## EXERCISE BRIEF
Go through the data below and transcribe it exactly. Omit the images.

## DATASET SECTION
╔══

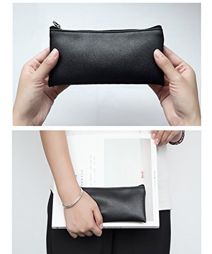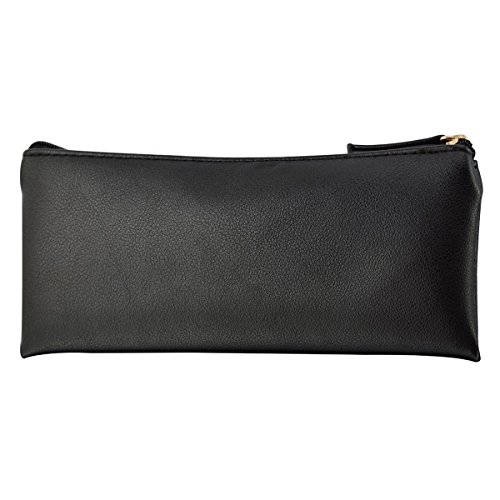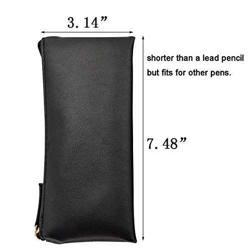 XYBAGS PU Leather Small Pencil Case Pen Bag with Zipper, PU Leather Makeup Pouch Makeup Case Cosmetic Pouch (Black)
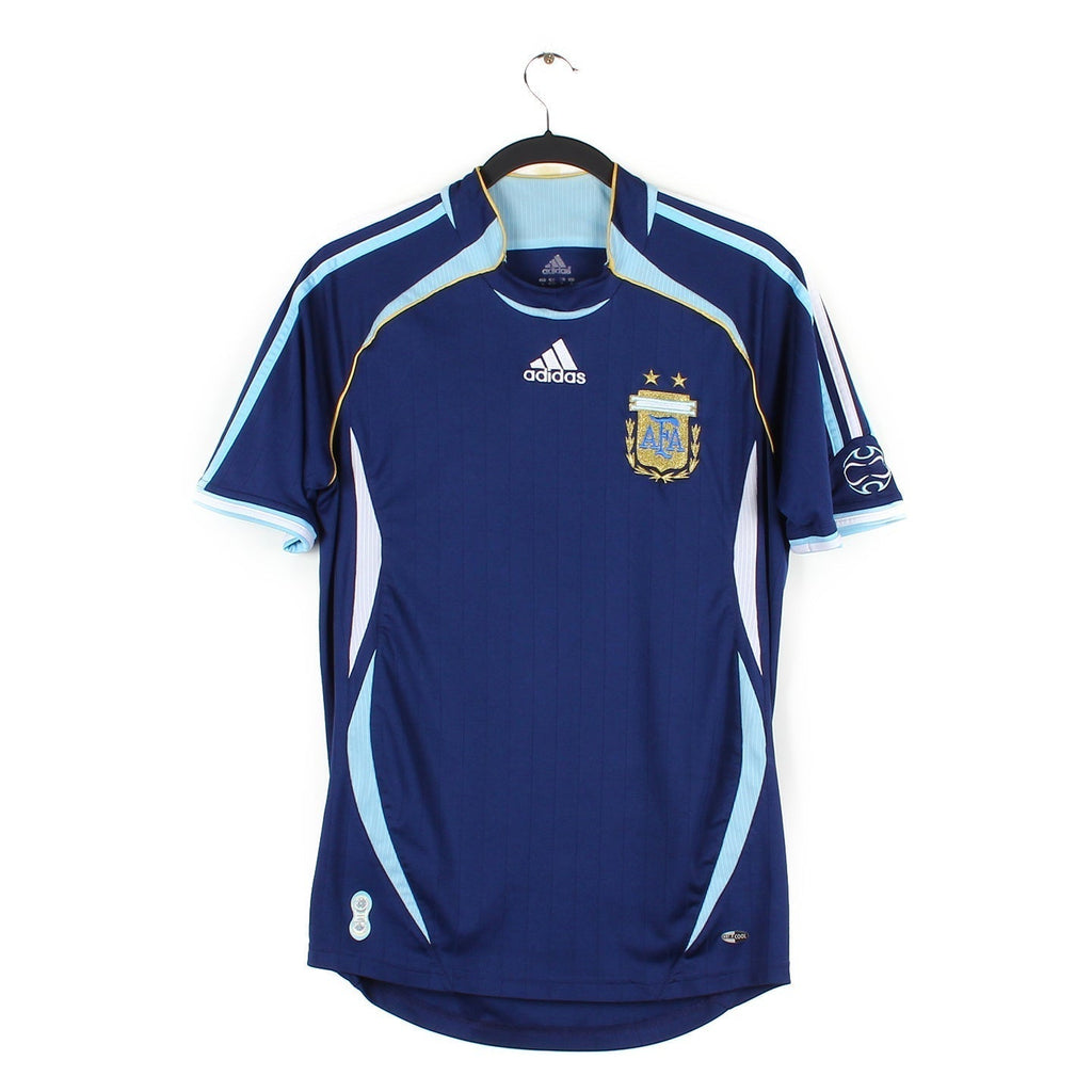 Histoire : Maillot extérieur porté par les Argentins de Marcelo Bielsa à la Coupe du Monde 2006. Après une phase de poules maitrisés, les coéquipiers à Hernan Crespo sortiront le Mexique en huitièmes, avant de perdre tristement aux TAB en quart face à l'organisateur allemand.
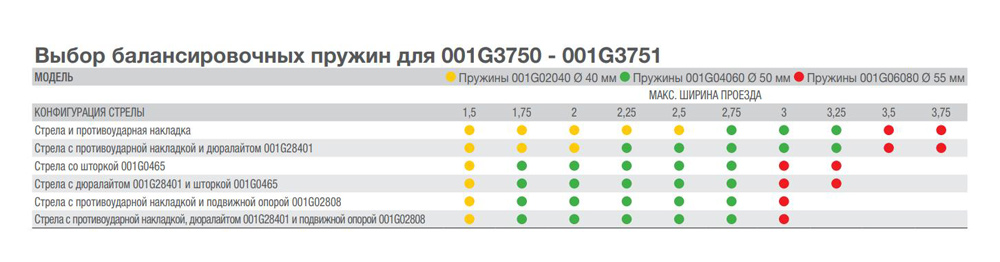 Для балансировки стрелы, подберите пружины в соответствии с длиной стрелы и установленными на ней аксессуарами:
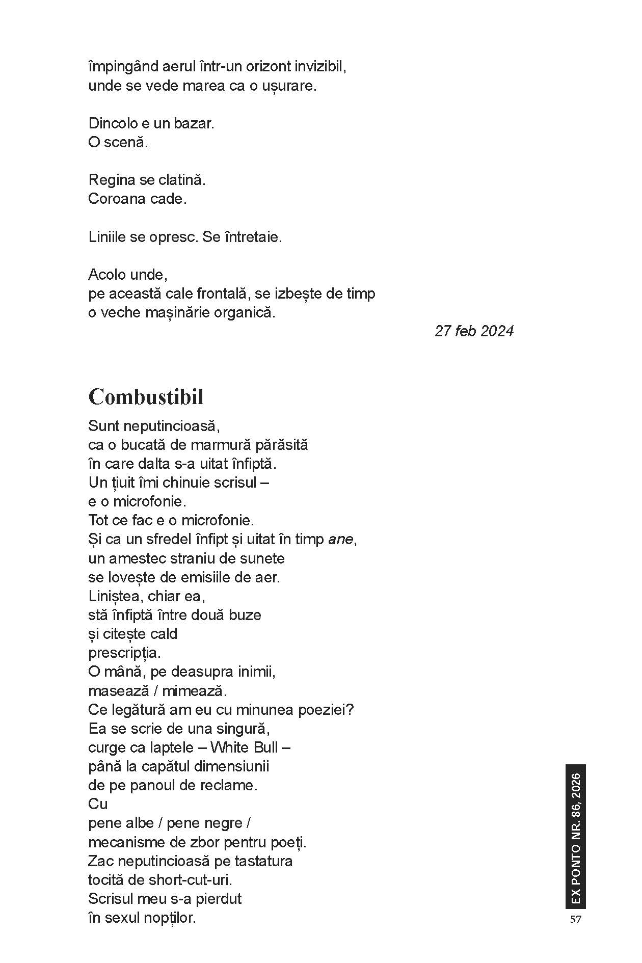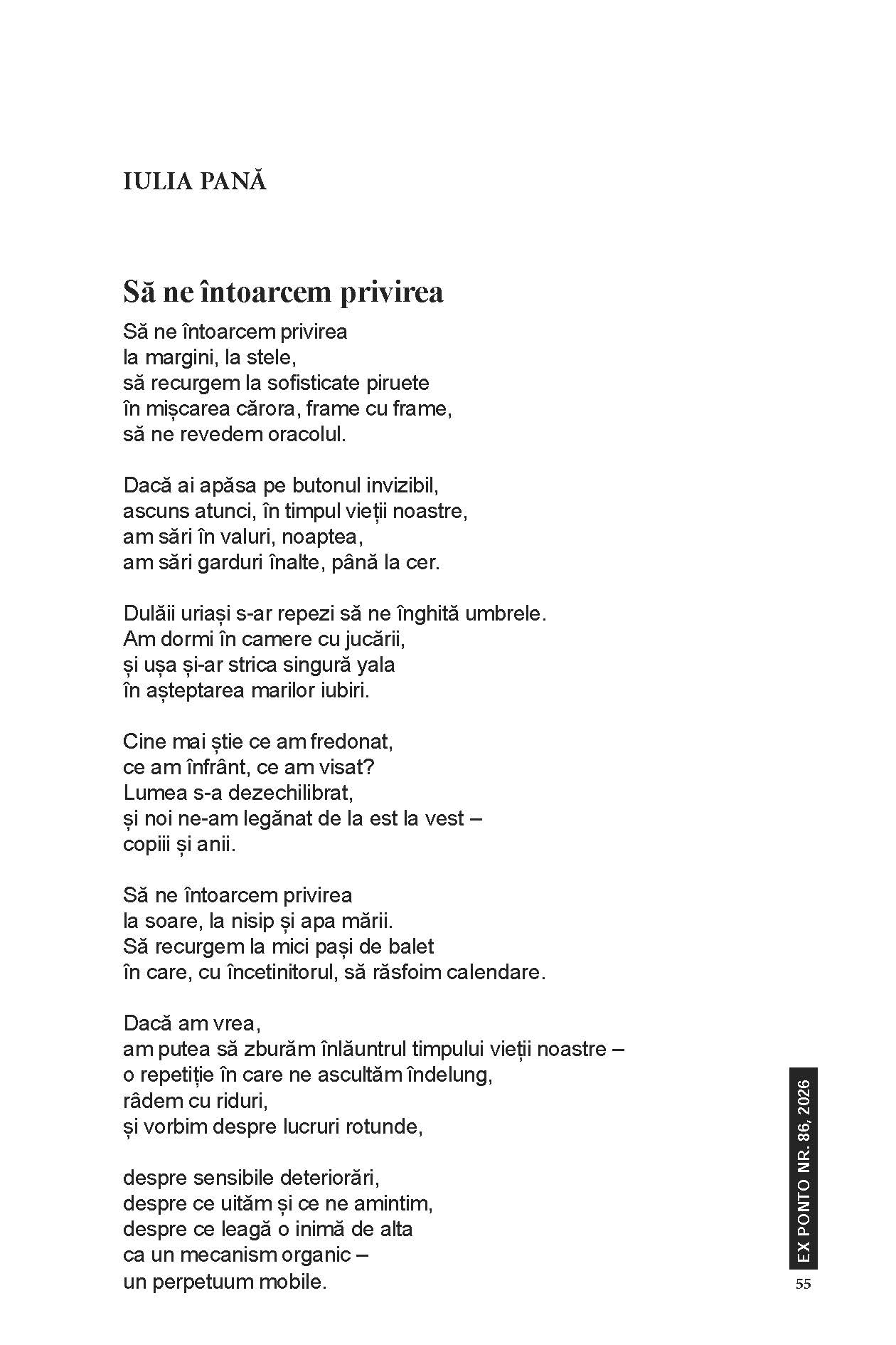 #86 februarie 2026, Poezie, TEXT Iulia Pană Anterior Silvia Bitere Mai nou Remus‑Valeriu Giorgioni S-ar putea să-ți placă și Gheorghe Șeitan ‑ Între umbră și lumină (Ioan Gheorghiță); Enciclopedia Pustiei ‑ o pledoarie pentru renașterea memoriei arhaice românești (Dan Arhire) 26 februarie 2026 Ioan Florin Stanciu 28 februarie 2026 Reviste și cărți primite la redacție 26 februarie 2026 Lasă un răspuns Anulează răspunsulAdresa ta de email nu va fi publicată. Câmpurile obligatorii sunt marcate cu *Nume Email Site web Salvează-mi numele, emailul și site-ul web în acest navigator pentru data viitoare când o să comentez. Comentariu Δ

╚══

## SOLUTION TO THE PROBLEM
 XYBAGS PU Leather Small Pencil Case Pen Bag with Zipper, PU Leather Makeup Pouch Makeup Case Cosmetic Pouch (Black)
 Histoire : Maillot extérieur porté par les Argentins de Marcelo Bielsa à la Coupe du Monde 2006. Après une phase de poules maitrisés, les coéquipiers à Hernan Crespo sortiront le Mexique en huitièmes, avant de perdre tristement aux TAB en quart face à l'organisateur allemand.
 Для балансировки стрелы, подберите пружины в соответствии с длиной стрелы и установленными на ней аксессуарами:
 #86 februarie 2026, Poezie, TEXT Iulia Pană Anterior Silvia Bitere Mai nou Remus‑Valeriu Giorgioni S-ar putea să-ți placă și Gheorghe Șeitan ‑ Între umbră și lumină (Ioan Gheorghiță); Enciclopedia Pustiei ‑ o pledoarie pentru renașterea memoriei arhaice românești (Dan Arhire) 26 februarie 2026 Ioan Florin Stanciu 28 februarie 2026 Reviste și cărți primite la redacție 26 februarie 2026 Lasă un răspuns Anulează răspunsulAdresa ta de email nu va fi publicată. Câmpurile obligatorii sunt marcate cu *Nume Email Site web Salvează-mi numele, emailul și site-ul web în acest navigator pentru data viitoare când o să comentez. Comentariu Δ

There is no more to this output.